Type out the lines below exactly, from the first through the line holding "Riedell Topaz R12", and include no pictures.
(SOURCE RECORDS begins)
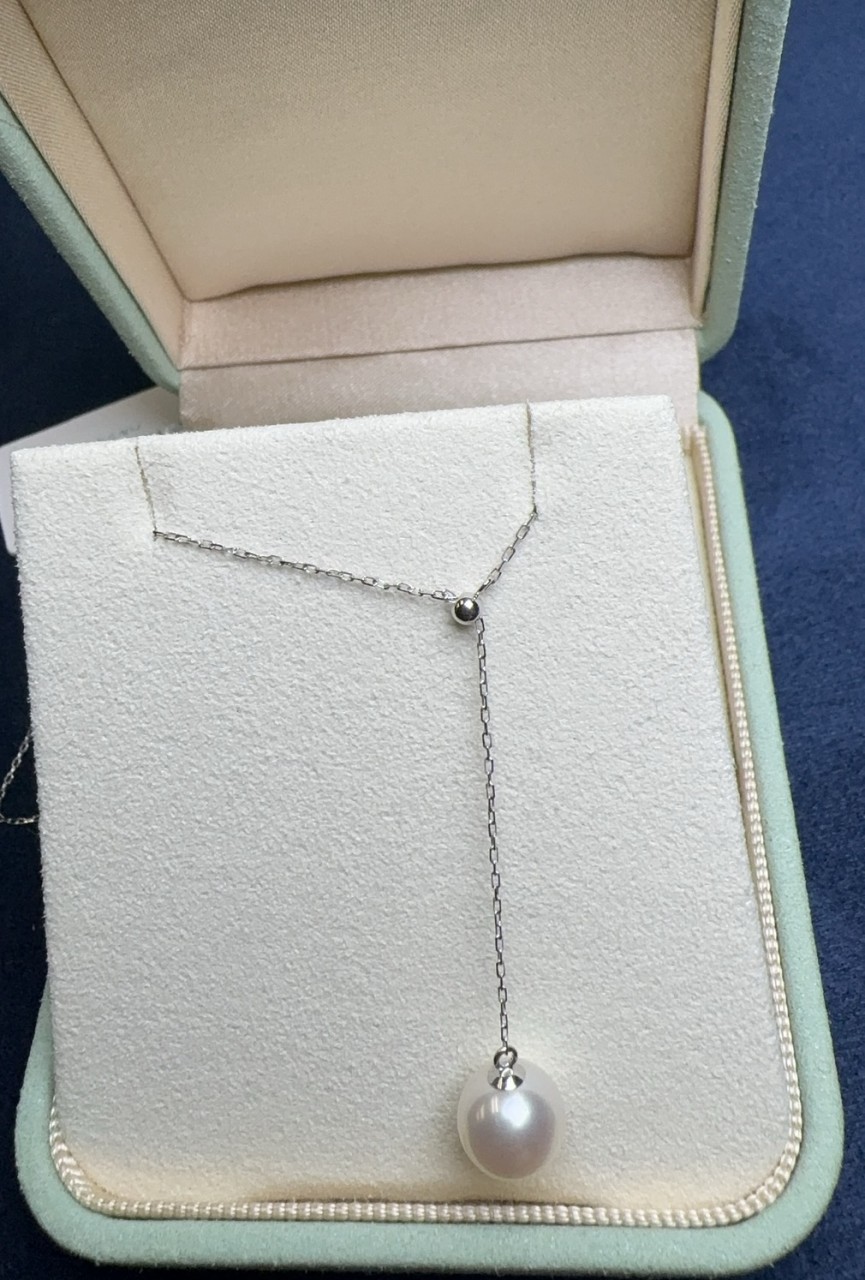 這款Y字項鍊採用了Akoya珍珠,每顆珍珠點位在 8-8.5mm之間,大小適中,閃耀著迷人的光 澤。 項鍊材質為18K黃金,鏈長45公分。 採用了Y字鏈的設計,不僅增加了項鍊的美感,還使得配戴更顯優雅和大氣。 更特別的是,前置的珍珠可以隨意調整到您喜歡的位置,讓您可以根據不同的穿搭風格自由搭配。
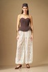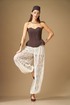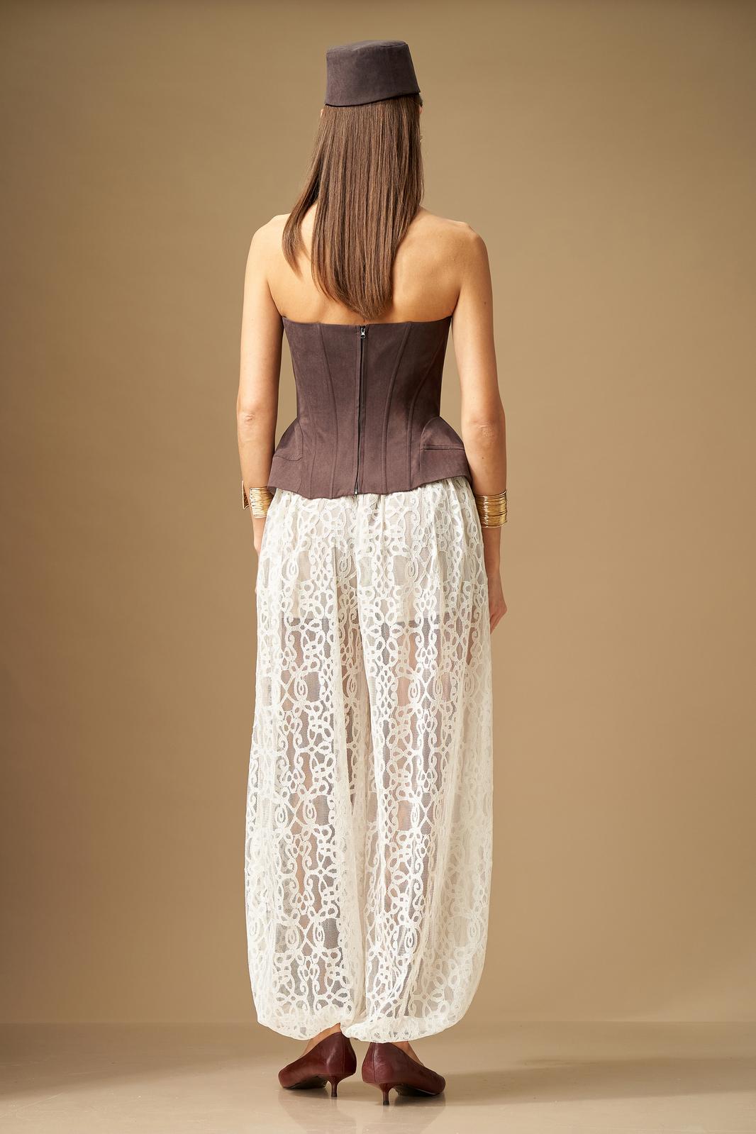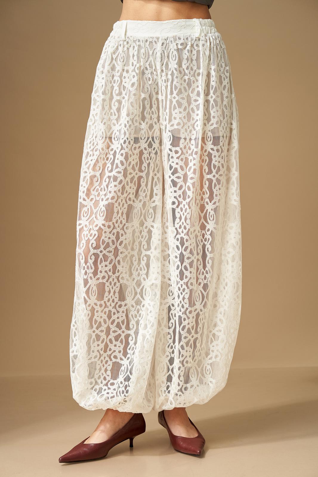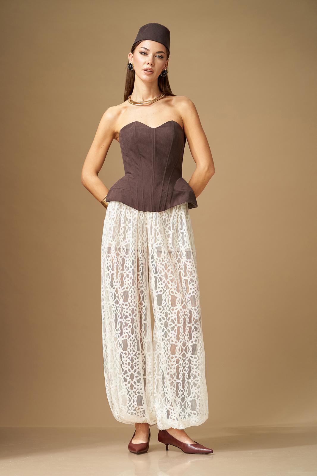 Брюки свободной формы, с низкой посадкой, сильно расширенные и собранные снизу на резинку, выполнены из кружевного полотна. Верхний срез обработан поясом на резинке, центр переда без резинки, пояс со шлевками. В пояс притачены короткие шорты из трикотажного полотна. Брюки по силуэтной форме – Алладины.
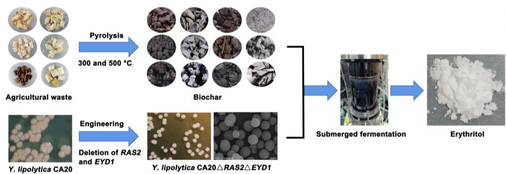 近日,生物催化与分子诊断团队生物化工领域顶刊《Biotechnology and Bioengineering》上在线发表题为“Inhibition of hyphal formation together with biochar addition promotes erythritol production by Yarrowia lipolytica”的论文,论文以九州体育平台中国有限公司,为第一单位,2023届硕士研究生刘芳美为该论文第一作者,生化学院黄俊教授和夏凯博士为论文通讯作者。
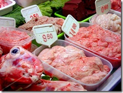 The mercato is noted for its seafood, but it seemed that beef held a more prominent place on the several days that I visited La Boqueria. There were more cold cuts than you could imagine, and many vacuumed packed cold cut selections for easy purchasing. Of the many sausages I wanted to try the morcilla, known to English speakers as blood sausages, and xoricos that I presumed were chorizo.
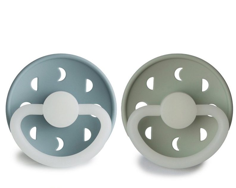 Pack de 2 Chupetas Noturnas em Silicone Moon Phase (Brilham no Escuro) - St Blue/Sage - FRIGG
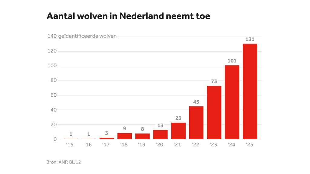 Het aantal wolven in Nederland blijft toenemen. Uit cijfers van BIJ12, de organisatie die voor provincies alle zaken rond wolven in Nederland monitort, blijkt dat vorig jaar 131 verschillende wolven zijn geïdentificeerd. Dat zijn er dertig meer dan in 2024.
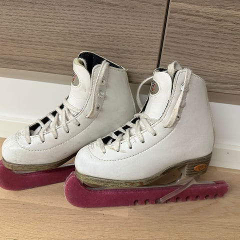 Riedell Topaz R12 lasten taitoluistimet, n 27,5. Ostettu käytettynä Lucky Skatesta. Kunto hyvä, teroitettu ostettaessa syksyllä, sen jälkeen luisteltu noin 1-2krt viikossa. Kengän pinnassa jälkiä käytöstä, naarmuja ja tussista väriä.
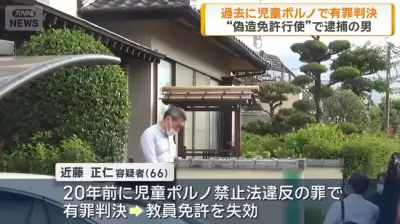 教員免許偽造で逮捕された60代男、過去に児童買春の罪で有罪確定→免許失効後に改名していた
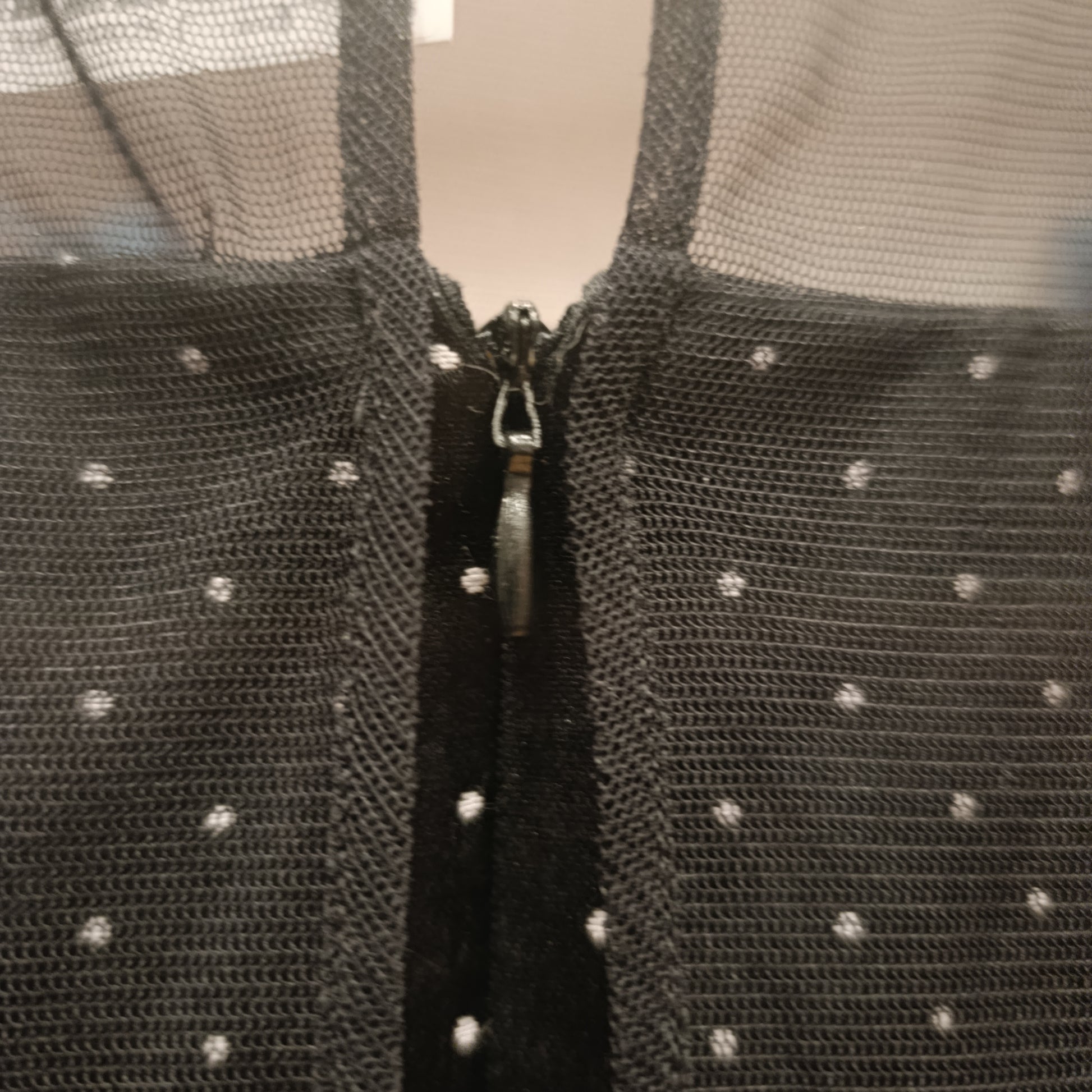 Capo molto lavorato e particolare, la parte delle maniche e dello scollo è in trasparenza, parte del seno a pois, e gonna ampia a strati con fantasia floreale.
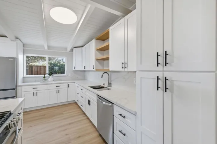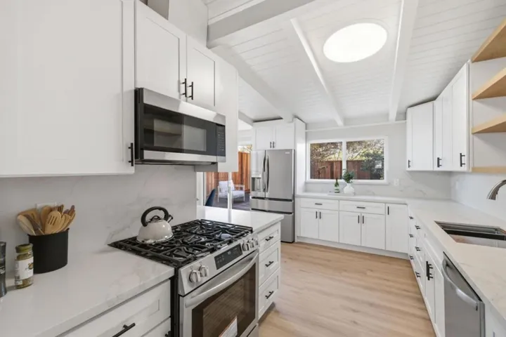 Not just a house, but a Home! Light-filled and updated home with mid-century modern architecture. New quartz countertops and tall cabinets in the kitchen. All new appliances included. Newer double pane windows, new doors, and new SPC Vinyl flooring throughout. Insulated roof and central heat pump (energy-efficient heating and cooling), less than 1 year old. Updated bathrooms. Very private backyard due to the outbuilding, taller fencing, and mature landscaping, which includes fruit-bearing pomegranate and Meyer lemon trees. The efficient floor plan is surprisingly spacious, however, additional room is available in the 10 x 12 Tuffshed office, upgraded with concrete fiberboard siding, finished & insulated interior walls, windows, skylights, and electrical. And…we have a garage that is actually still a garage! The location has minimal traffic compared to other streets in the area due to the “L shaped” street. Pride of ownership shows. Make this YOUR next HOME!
(SOURCE RECORDS ends)
OUTPUT FOR THIS TASK ::
 這款Y字項鍊採用了Akoya珍珠,每顆珍珠點位在 8-8.5mm之間,大小適中,閃耀著迷人的光 澤。 項鍊材質為18K黃金,鏈長45公分。 採用了Y字鏈的設計,不僅增加了項鍊的美感,還使得配戴更顯優雅和大氣。 更特別的是,前置的珍珠可以隨意調整到您喜歡的位置,讓您可以根據不同的穿搭風格自由搭配。
 Брюки свободной формы, с низкой посадкой, сильно расширенные и собранные снизу на резинку, выполнены из кружевного полотна. Верхний срез обработан поясом на резинке, центр переда без резинки, пояс со шлевками. В пояс притачены короткие шорты из трикотажного полотна. Брюки по силуэтной форме – Алладины.
 近日,生物催化与分子诊断团队生物化工领域顶刊《Biotechnology and Bioengineering》上在线发表题为“Inhibition of hyphal formation together with biochar addition promotes erythritol production by Yarrowia lipolytica”的论文,论文以九州体育平台中国有限公司,为第一单位,2023届硕士研究生刘芳美为该论文第一作者,生化学院黄俊教授和夏凯博士为论文通讯作者。
 The mercato is noted for its seafood, but it seemed that beef held a more prominent place on the several days that I visited La Boqueria. There were more cold cuts than you could imagine, and many vacuumed packed cold cut selections for easy purchasing. Of the many sausages I wanted to try the morcilla, known to English speakers as blood sausages, and xoricos that I presumed were chorizo.
 Pack de 2 Chupetas Noturnas em Silicone Moon Phase (Brilham no Escuro) - St Blue/Sage - FRIGG
 Het aantal wolven in Nederland blijft toenemen. Uit cijfers van BIJ12, de organisatie die voor provincies alle zaken rond wolven in Nederland monitort, blijkt dat vorig jaar 131 verschillende wolven zijn geïdentificeerd. Dat zijn er dertig meer dan in 2024.
 Riedell Topaz R12 lasten taitoluistimet, n 27,5. Ostettu käytettynä Lucky Skatesta. Kunto hyvä, teroitettu ostettaessa syksyllä, sen jälkeen luisteltu noin 1-2krt viikossa. Kengän pinnassa jälkiä käytöstä, naarmuja ja tussista väriä.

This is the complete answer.